Louise Coldefy e Arnaud Viard, em cena de Arnaud fait son 2ème filmAs idas às sessões com o psicanlaista e as visitas à mãe hospitalizada começam a descortinar o íntimo de Arnaud. Nas cenas em que vai no trem - momento da espera, momento de instrospecção -, a ideia de perder a mãe e a busca pelo lugar de pai vão se somando no retrato que o filme constrói de nosso protagonista. Há cenas lindíssimas, como o diálogo tecido com a mãe, no trem que o leva de volta a Paris, depois de visitá-la no hospital. O diálogo é parte da despedida, antecipação do que está por vir. A mãe está em estágio terminal, sente dores, mas não quer dar trabalho aos filhos. Igualmente me encantou a cena da festa dada pelos alunos, em que Arnaud dança alegremente enquanto a música alegre é substituída pelo "Requiem in Paradisum", de Gabriel Fauré, e, lindamente, migramos do êxtase da festa para o êxtase da morte, momentos em que o sagrado toca os corpos humanos, momentos sublimes em que o amor ágape e a morte encontram morada. Arnaud recebe o telefonema que traz a notícia da morte da mãe, despede-se de Gabrielle, sai da festa e vai ao encontro de Chloe. Eros guia nossos amantes, nada mais erótico e íntimo que amar-se diante da morte da mãe. Arnaud pergunta-se e pergunta a Chloe por que eles não deram certo. Diante da perda da mãe, ele busca o consolo nos braços amorosos de Chloe, e, magicamente, nesse momento, concebem um filho. Fim e começo se enlaçam, um símbolo de que a vida é cíclica e infinita.

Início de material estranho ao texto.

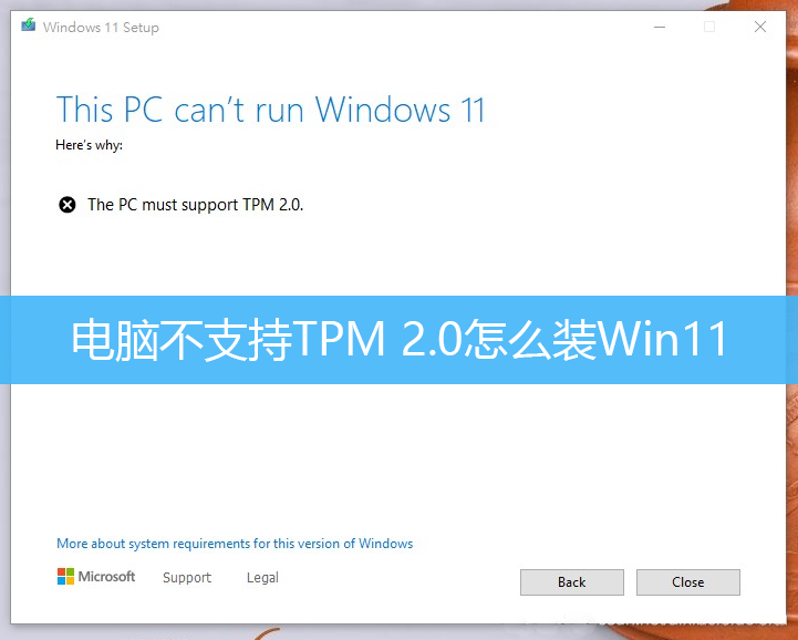 Win10升級安裝Win11的時候,如果電腦不支持TPM 2.0,會提示錯誤,但是有些用戶不知道自

Arnaud finalmente consegue um produtor para o seu segundo filme e, justamente quando realiza esse sonho, Chloe o procura revelando que ele é pai, que ela está indo parir. A metáfora do nascimento, que tantas vezes é usada na arte, associa-se na concepção de uma obra e de um filho. Dois projetos que já se davam por fracassados, que haviam sido abandonados por Arnaud. Chamado pelo telefone, é convocado a assumir a realização do seu segundo filme e também o nascimento do seu filho. Sonhos que talvez já fossem inesperados. Sonhos que ele talvez já estivesse disposto a esquecer. Mas a Vida às vezes é assim, não é mesmo? Às vezes os sonhos correm atrás da gente. 💓
Irène Jacob foi um lindo reencontro, para mim. Meu primeiro momento com a senhorita Jacob foi nos clássicos "A Dupla Vida de Veronike" e "Rouge", ambos de Kieslowski. Reencontro-a madura, igualmente bela, com a mesma força da juventude. Arnaud Viard foi uma grata surpresa, já quero ver "Clara et moi", o seu primeiro filme. É muito bom ver diretores que entram na pele de seus protagonistas, como o fizeram Woody Allen, Nanni Moretti, entre outros. Inclusive, é muito boa a crítica escrita por Rodrigo Torres sobre "Amor, Cinema, Paris". Ele afirma que o formato de "Arnaud fait son 2ème film" estaria baseado em "Caro Diario", do diretor italiano. "Caro Diario" é um filme de que gosto muito (amo as idas pelas ruas de Roma montado em uma vespa, eu me senti e me sentei na garupa de Moretti...), foi meu primeiro encontro com Moretti, no comecinho dos anos 2000, seguido pelo belíssimo "O Quarto do Filho" (chorei baldes...), ambos imperdíveis.